FIG. 1 is a system diagram of the circulation of cooling water in a condenser, and FIG. 2 is a block diagram showing the configuration of a cooling water flow rate control device for a condenser according to an embodiment of the present invention. 1...Water intake, 2A, 2B...Circulating water pump,
3A, 3B... Condenser inlet valve, 4A, 4B... Electric motor, 5A, 5B... Condenser water chamber, 6... Condenser, 7... Steam turbine, 8... Drain port, 9A,
9B... Condenser bypass valve, 10A, 10B...
Condenser bypass valve opening adjustment motor, 11A, 11
B...Flow rate detector, 101...Flow rate setting circuit, 1
02, 107, 110... Adder, 103... Flow rate command circuit, 104... Condenser inlet valve flow rate commander, 105... Condenser bypass valve flow rate commander, 1
06... Condenser inlet valve opening converter, 108... Condenser inlet valve opening regulator, 109... Condenser bypass valve opening converter, 111... Condenser bypass valve opening adjustment vessel.

Claims (1)

[Claims] 1. In a cooling water flow control device for a condenser where a part of the cooling water circulates through the condenser through the first valve, mixes with the remaining cooling water that passes through the second valve, and is discharged. , a flow rate command circuit that outputs a total cooling water flow rate signal based on the difference between a set value of the amount of cooling water calculated using the turbine load factor and the water intake temperature and the actual amount of cooling water; and a flow rate command circuit that circulates the condenser. A first circuit that allows the output of the flow rate command circuit to pass when the amount of cooling water is below the upper limit.

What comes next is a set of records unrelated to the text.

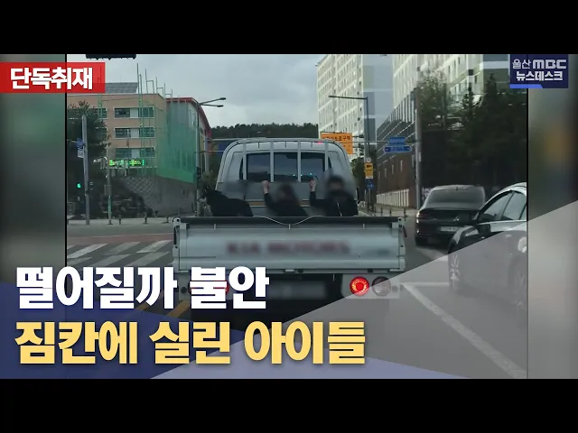 울산시내 도로에서 어린 아이들을 짐칸에 싣고 달리는 화물차가 발견됐습니다. 아이들은 화물차가 달리는 내내 어떠한 안전장치도 없이 차만 꼭 붙잡고 있었습니다. 정인곤 기자가 단독 보도합니다. [리포트] 한 1톤 트럭이 좌회전 신호를 기다리고 있습니다. 그런데 화물 적재함에 어린아이 2명과 개 한 마리가 앉아 있습...
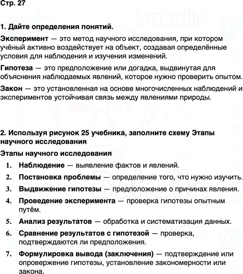 1. Дайте определения понятий. Эксперимент - Гипотеза - Закон -
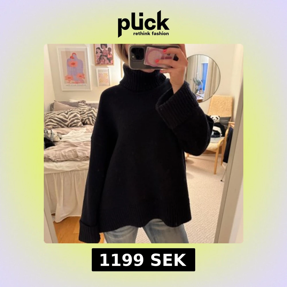 Mysig mörkblå stickad polotröja med hög krage från Samsøe Samsøe breda. Lite overzise passform som gör den extra mysig och skön! Perfekt för kyliga sommar kvällar😫🥰
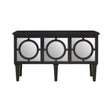 This sideboard features a circular lattice overlay on convex mirrors that are fixed neatly on the sides. Lending space and illumination to the living area, this sideboard is elevated by sturdy tapered legs and it is ideal for displaying and storing items.
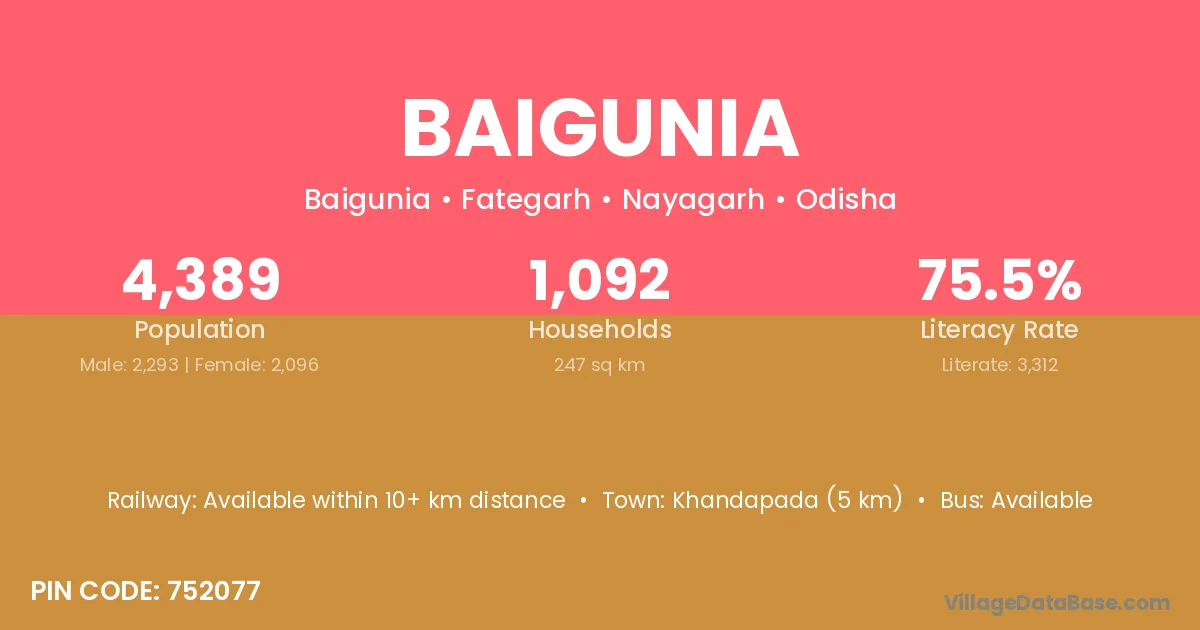 Baigunia village has a total population of 4,389 people, of which 2,293 are males and 2,096 are females.
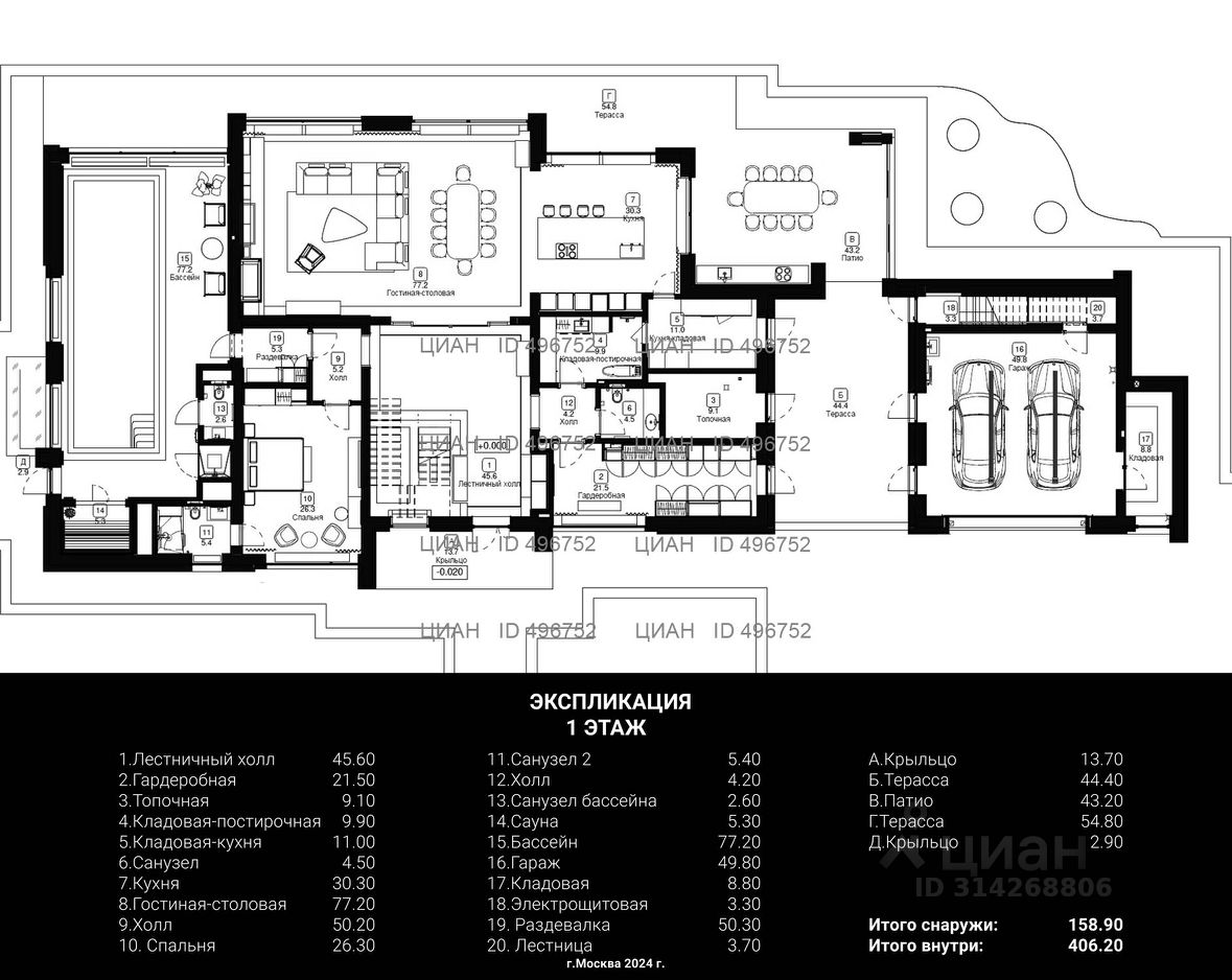 Дом под ключ с мебелью и двумя кухнями. Бассейн, СПА Гараж на 2 авто, парковка на 2 авто
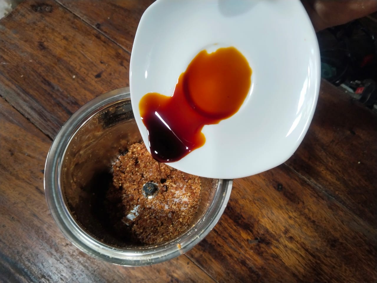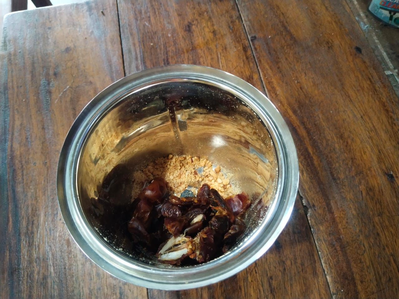 - Then take the dates that you previously pitted. Add them to the blender cup. Then blend the dates well as you did with the Nuts blender.

a second flow rate command device that outputs only an excess amount of cooling water that the output of the flow rate command circuit exceeds the upper limit of the amount of cooling water circulating through the condenser; Cooling of a condenser configured to adjust the opening degree of the first valve according to the output of the device, and adjust the opening degree of the second valve according to the output of the second flow rate command device. Water flow control device.